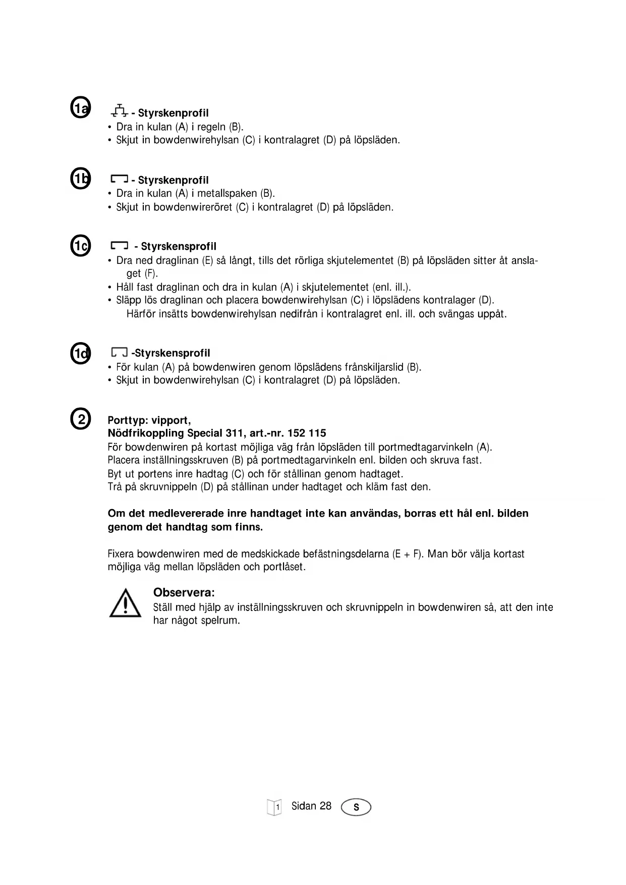 Porttyp: vipport, Nödfrikoppling Special 311, art.-nr. 152 115 För bowdenwiren på kortast möjliga väg från löpsläden till portmedtagarvinkeln (A). Placera inställningsskruven (B) på portmedtagarvinkeln enl. bilden och skruva fast. Byt ut portens inre hadtag (C) och för stållinan genom hadtaget. Trå på skruvnippeln (D) på stållinan under hadtaget och kläm fast den. Om det medlevererade inre handtaget inte kan användas, borras ett hål enl. bilden genom det handtag som finns. Fixera bowdenwiren med de medskickade befästningsdelarna (E + F). Man bör välja kortast möjliga väg mellan löpsläden och portlåset. Observera: Ställ med hjälp av inställningsskruven och skruvnippeln in bowdenwiren så, att den inte har något spelrum. - Styrskenprofil
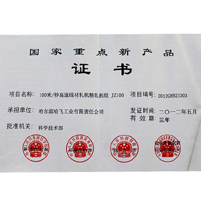 國家重點(diǎn)新產(chǎn)品證書
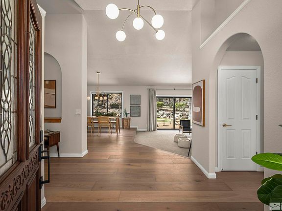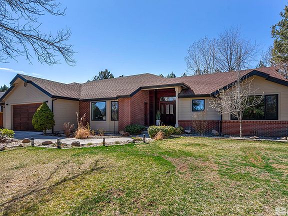 Recently remodeled single-story home located in Fieldcreek Ranch on a private cul-de-sac and large 1/2 acre lot. The following improvements have been completed: Replacement of all windows and sliding doors, freshly painted exterior and interior, new manufactured white oak hardwood flooring throughout, new carpet, and completely updated kitchen and baths. Kitchen has been completely redone with a double oven and induction cooktop. (see extended remarks), Kitchen also has beautiful modern slim-framed cabinets, and island with bonus sink, finished in oak chevron butcher block. The massive primary bathroom suite has been entirely renovated with a large glass-enclosed shower, freestanding tub, gorgeous wall and floor tile, and also includes a large walk-in closet. Primary suite is privately located on the opposite side of the home from bedrooms. Bar area has been updated with floating shelves and a new sink and beverage fridge. Home also features an office/bedroom on-suite located in the front of the home, complete with a private entrance. Third garage space has an added privacy wall and is being used as a home gym. A short dive to ski at Mt Rose, swim in Lake Tahoe or fly from Reno Tahoe international airport. Also close to numerous hiking and mountain biking trails.
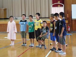 8月1日(月)は、登校日でした。真っ黒に日焼けした子どもたちの姿を見ると、夏休みを存分に楽しんでいることが分かります。全校朝会では、校長先生のお話の後、五ヶ瀬中等教育学校の生徒(本校出身)による学校紹介の発表がありました。プレゼンも準備して、とても素晴らしい発表でした。
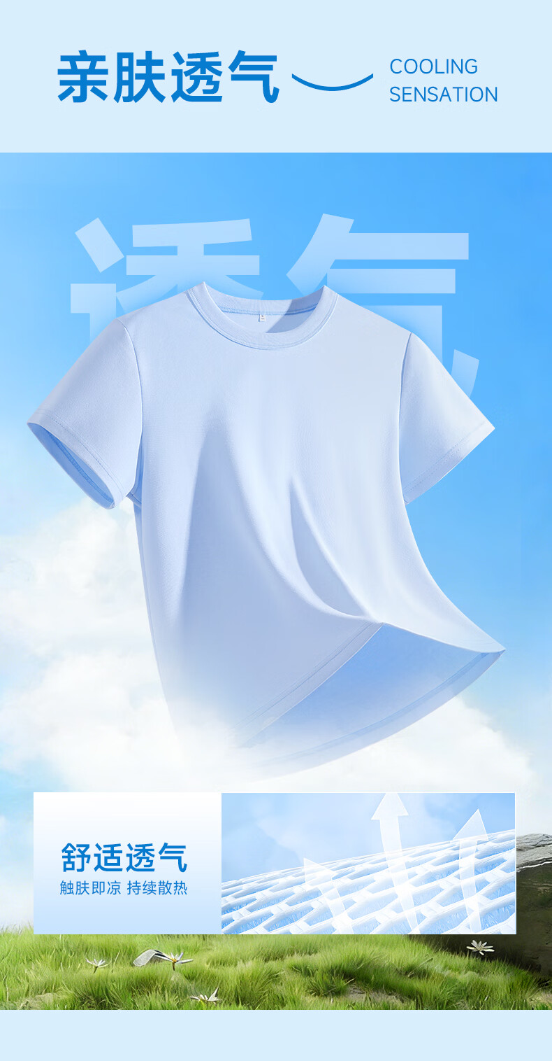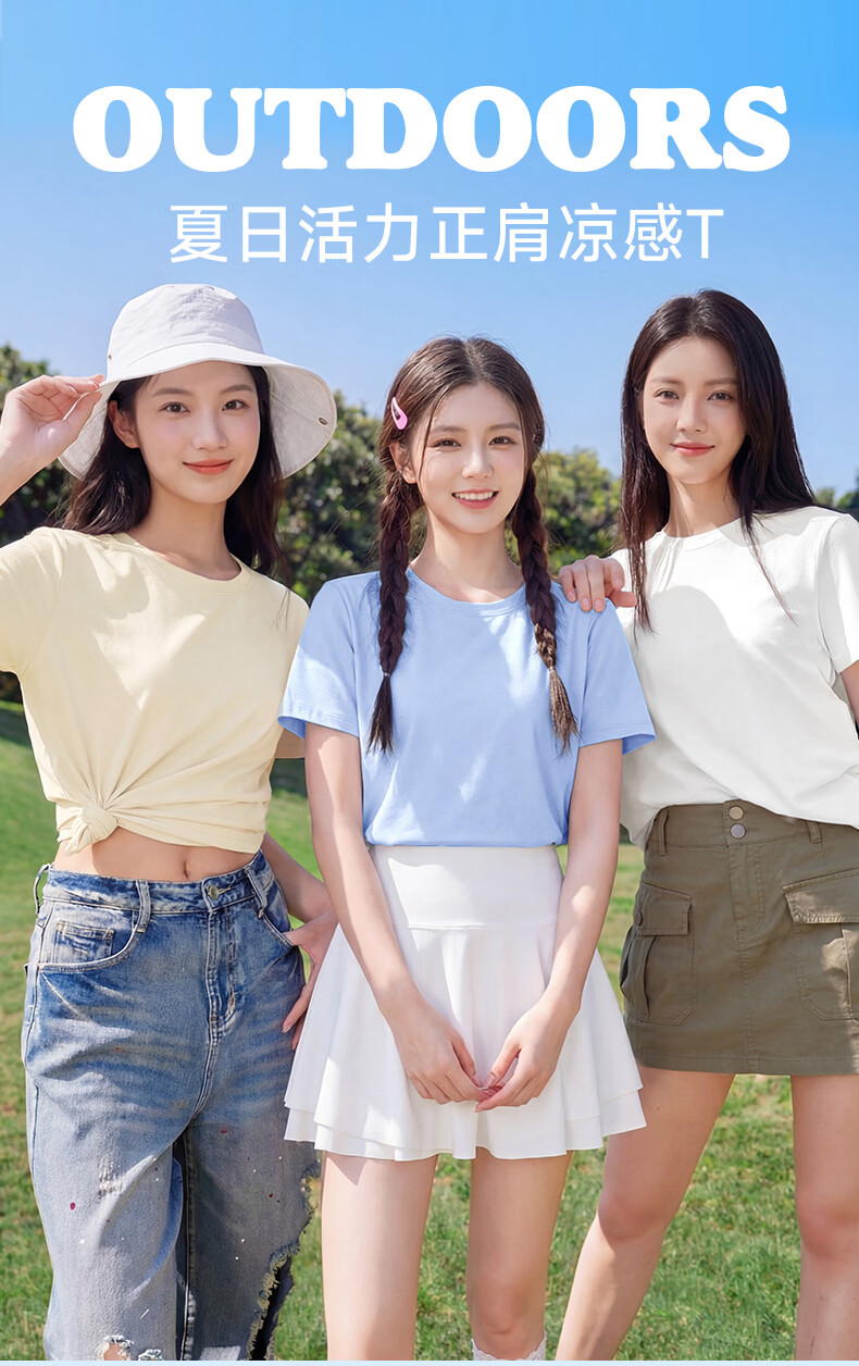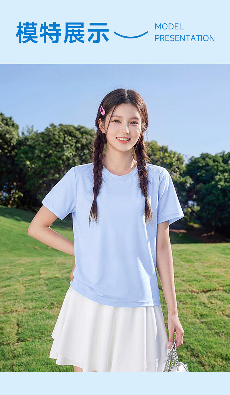 真维斯(Jeanswest)短袖t恤女2026新款夏季凉感户外运动健身半袖正肩抗菌轻薄上衣服 天蓝 剪影故事 S
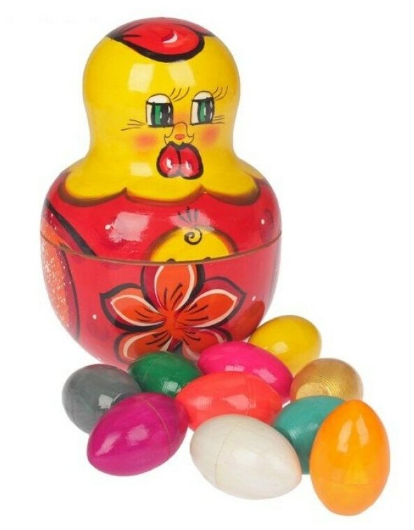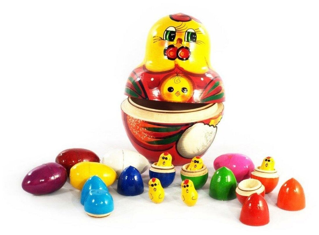 Яйца окрашены в разные цвета, что развивает у малыша еще и цветовое восприятие. Сама курочка сделана из дерева, расписана вручную яркими безвредными красками. Она выполняет роль шкатулки, в которую складываются все детали.
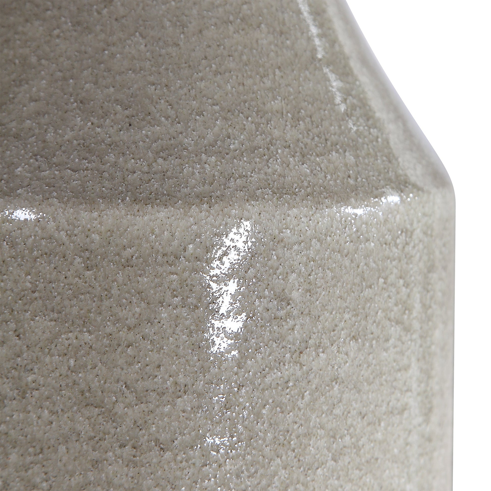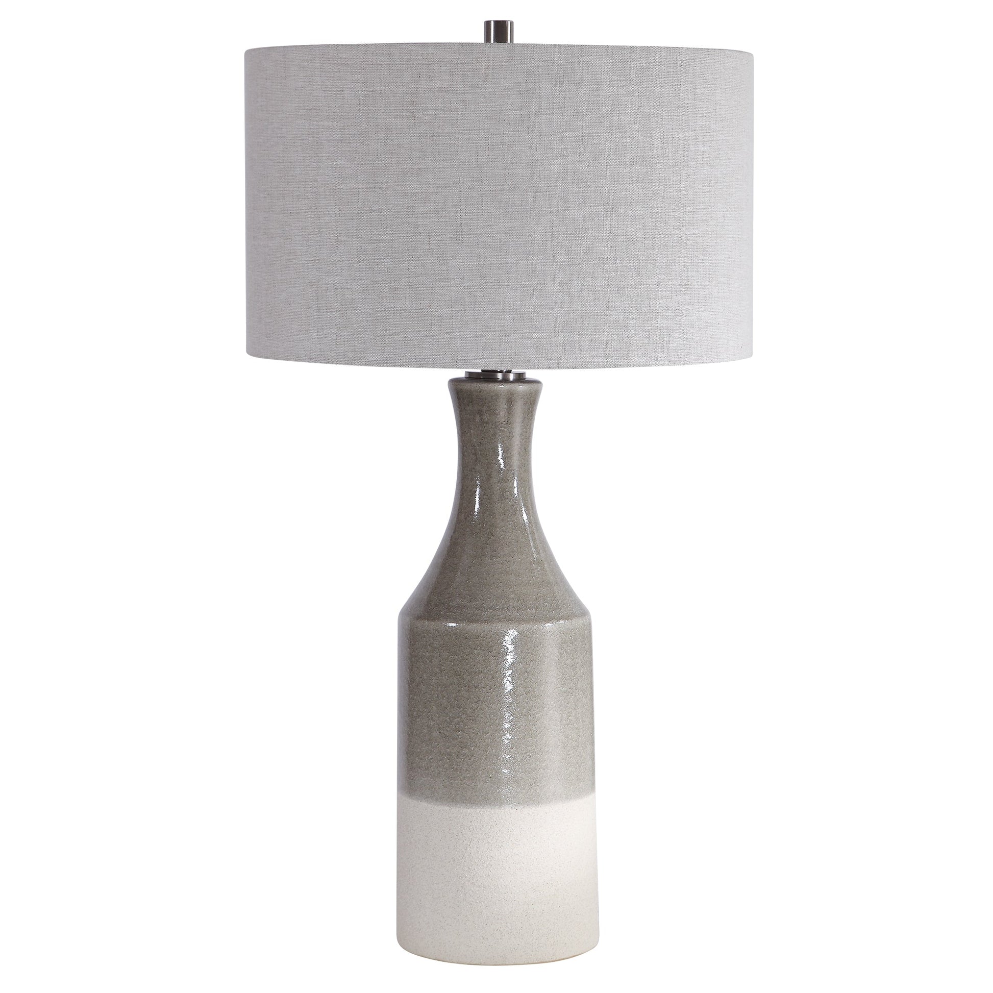 Showcasing A Bohemian Flair, This Ceramic Table Lamp Is Finished In A Glossy Warm Gray Glaze That Transitions To A Heavily Textured Ivory Bottom. The Casual Contemporary Styling Is Paired With Plated Brushed Nickel Accents. The Hardback Drum Shade Is Light Gray Linen With Natural Slubbing. Overall Depth : 17 in Overall Width : 17 in Overall Height : 31 in

++++

**PROBLEM:** Once the line containing "國家重點(diǎn)新產(chǎn)品證書" has been located, transcribe exactly and only every line from the first line of the entries through it, excluding pictures.

**EXERCISE OUTPUT:**
 Porttyp: vipport, Nödfrikoppling Special 311, art.-nr. 152 115 För bowdenwiren på kortast möjliga väg från löpsläden till portmedtagarvinkeln (A). Placera inställningsskruven (B) på portmedtagarvinkeln enl. bilden och skruva fast. Byt ut portens inre hadtag (C) och för stållinan genom hadtaget. Trå på skruvnippeln (D) på stållinan under hadtaget och kläm fast den. Om det medlevererade inre handtaget inte kan användas, borras ett hål enl. bilden genom det handtag som finns. Fixera bowdenwiren med de medskickade befästningsdelarna (E + F). Man bör välja kortast möjliga väg mellan löpsläden och portlåset. Observera: Ställ med hjälp av inställningsskruven och skruvnippeln in bowdenwiren så, att den inte har något spelrum. - Styrskenprofil
 國家重點(diǎn)新產(chǎn)品證書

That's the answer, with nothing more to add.